-------- Provided data --------

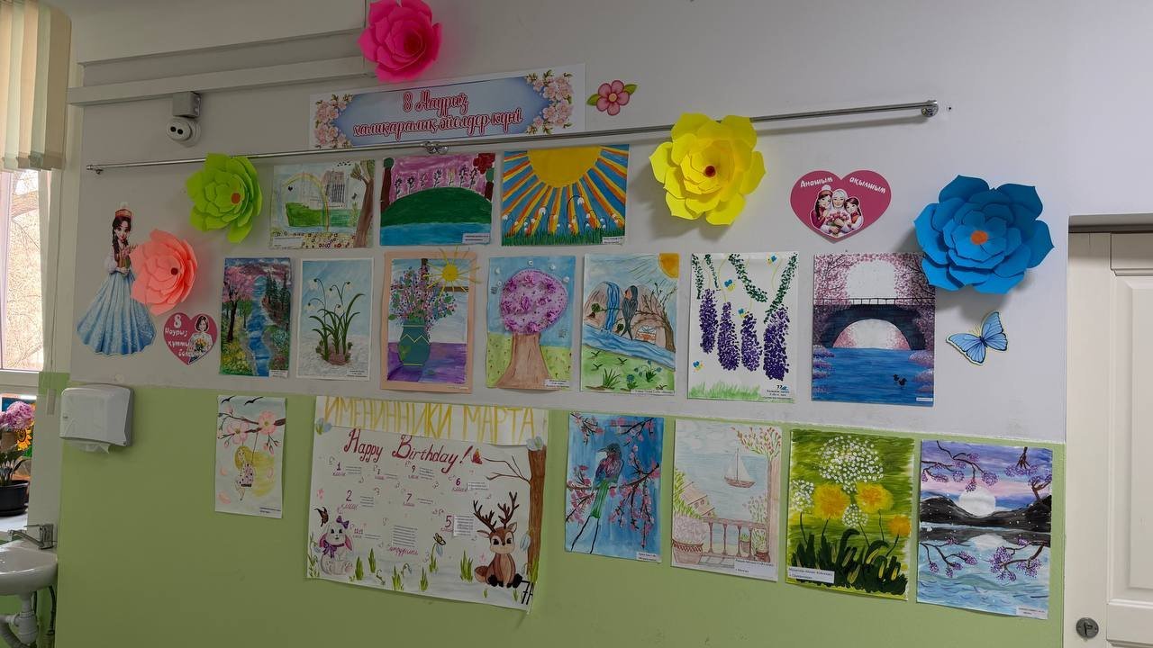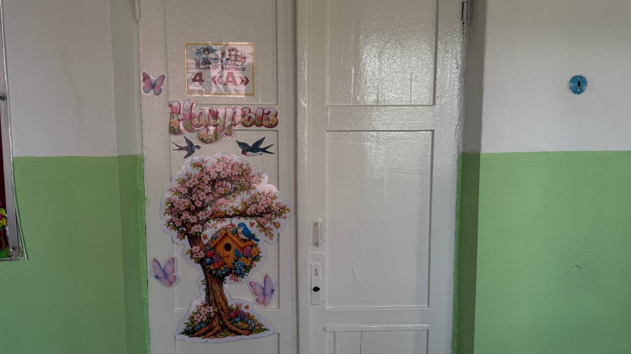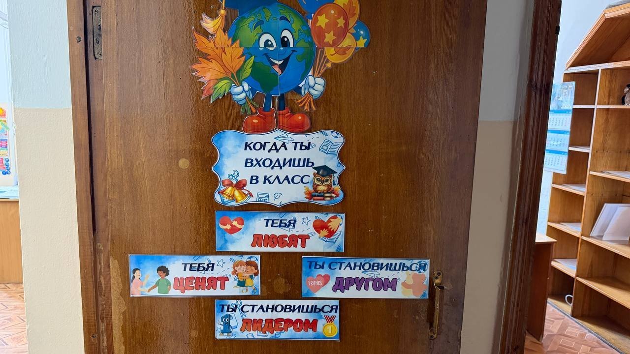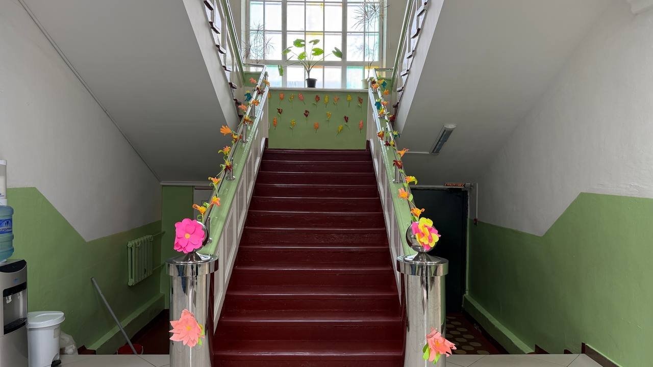 Лестница тоже оформлена детскими работами в виде цветов, на входной двери висят бантики, а творчество школьников можно увидеть даже на подоконниках. Классы здесь небольшие, но внутри чувствуется спокойная и доброжелательная атмосфера. Сейчас в школе учатся уже дети первых выпускников.
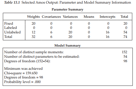 Presented in Table 13.1, you will see both the parameter summary and model summary information pertinent to our current incomplete data sample. In the interest of pinpointing any differences between the incomplete and complete (see Table 3.3 and Figure 3.7) data samples, let’s now compare this information with respect to these same sections of the output file. First, notice that, although the number of fixed parameters in the model is the same (20) for the two samples, the number of unlabeled parameters (i.e., estimated parameters) varies, with the incomplete data group having 54, and the complete data sample having 38. The explanation of this discrepancy lies with the estimation of 16 intercepts for the incomplete data sample (but not for the complete data sample). Second, observe that although the number of degrees of freedom (98) remains the same across complete and incomplete data samples, its calculation is based upon a different number of sample moments (152 versus 136), as well as a different number of estimated parameters (54 versus 38). Finally, note that, despite the loss of 25% of the data for the one sample, the overall x2 value remains relatively close to that for the complete data sample (159.650 versus 158.511).
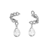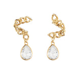 The Warp Chain Pearl Earrings feature a dimensional curved gold chain with oversized pear shaped crystals.
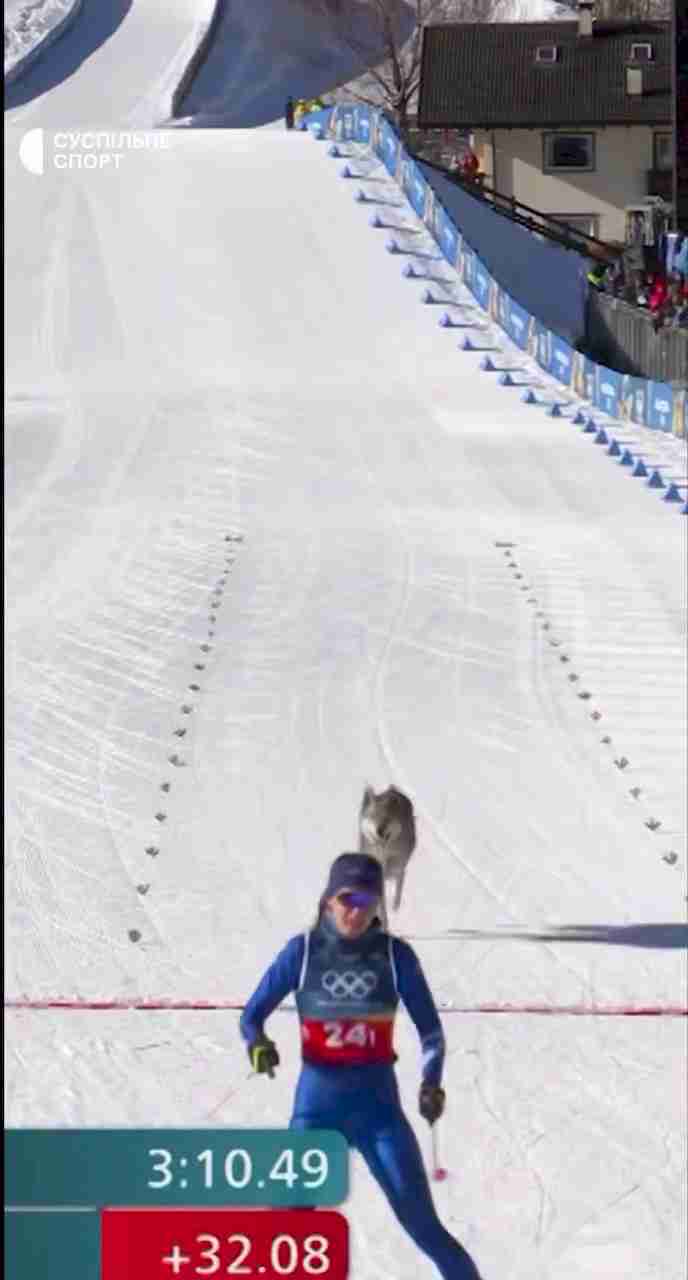 Собака присоединилась к лыжному спринту на Олимпиаде и даже попала в камеру на финише!

--------

**Work task:**
Output only the lines from the line that contains "The Warp Chain" through the end of the material, both ends included, and skip every picture.

**Answer below:**
 The Warp Chain Pearl Earrings feature a dimensional curved gold chain with oversized pear shaped crystals.
 Собака присоединилась к лыжному спринту на Олимпиаде и даже попала в камеру на финише!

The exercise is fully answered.